Wolfert Acker (1667–1753) was a colonial-period American who is featured in Washington Irving's short story collection Wolfert's Roost and Miscellanies (1855). His name was recorded in all combinations of Wolfert or Wolvert as given name, and Acker, Echert, Eckar, or Ecker as surname. He was born in Flatbush, Brooklyn, New York and died at his sizable home, "Wolfert's Roost" (or "Wolfert's Rest") near the site of what is now Irvington, New York in Westchester County, New York. On December 20, 1692, on land belonging to Frederick Philipse, he married Maretje Sibouts.

Acker served the British colonial government as collector of Philipsburg Manor in New Netherlands. He was a quiet man whose favorite phrase was "Rust in Lust" (peace in quiet) but always found himself working for very loud and active governors; he was, at one point, privy counsellor to Peter Stuyvesant, before eventually retiring to Wolfert's Roost. William Owens believes that, despite his high status, Wolfert may have been a tenant of Philipse. Tenant or not, Wolfert did have the second largest house in the region, second only to Philipse Manor Hall, which still stands.

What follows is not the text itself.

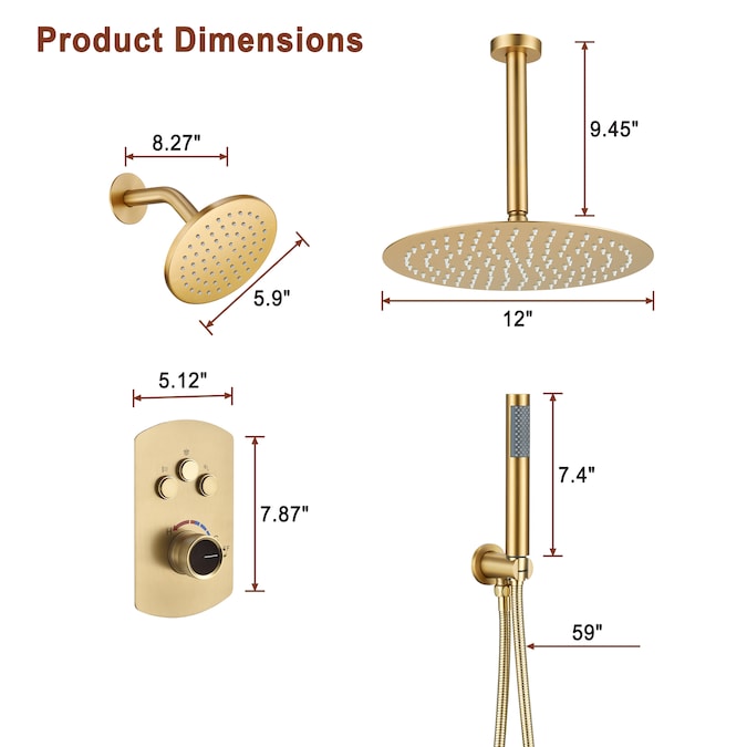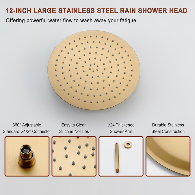 - Shower Head Diameter (Inches): 12

Jan Ecker, Wolfert's brother, was the first deacon of the Old Dutch Church of Sleepy Hollow, which was founded by Philipse, and was still living in May 1716. Wolfert Acker became the second deacon and later, an Elder. However, by May 1716, he and his wife Maritie were two of eight members no longer on the roll, although their names continued to appear as baptismal witnesses until 1734. Acker is entombed beneath the floorboards of the church along with other Elders, beside Philipse and his wife.

Acker had three sons, Steven, Siber, and Abraham, and each son was married and named a son Wolfert. From Abraham's line came Abraham II and Wolfert II, the American "patriot" and Whig coordinator who lived in Marlborough, New York (where his house, Hill House, still stands) and founder of the Acker Ferry between Newburgh, New York and what became in 1913 part of Beacon, New York. Abraham's connection to the Van Tassel family is cited in "The Legend of Sleepy Hollow", and it was through their association with a rebellious Van Tassel scion during the revolutionary period that the Ackers lost Wolfert's Roost.

Wolfert's property was passed along in his family for some time, but was eventually broken up and sold off. One person who bought his land was Washington Irving who took an existing structure and made his romantic Sunnyside out of it. The actual Wolfert's Roost was burned down by the British after the brother-in-law of Catriena Ecker Van Tassel shot at the British sloops with a goose-rifle charged with nails.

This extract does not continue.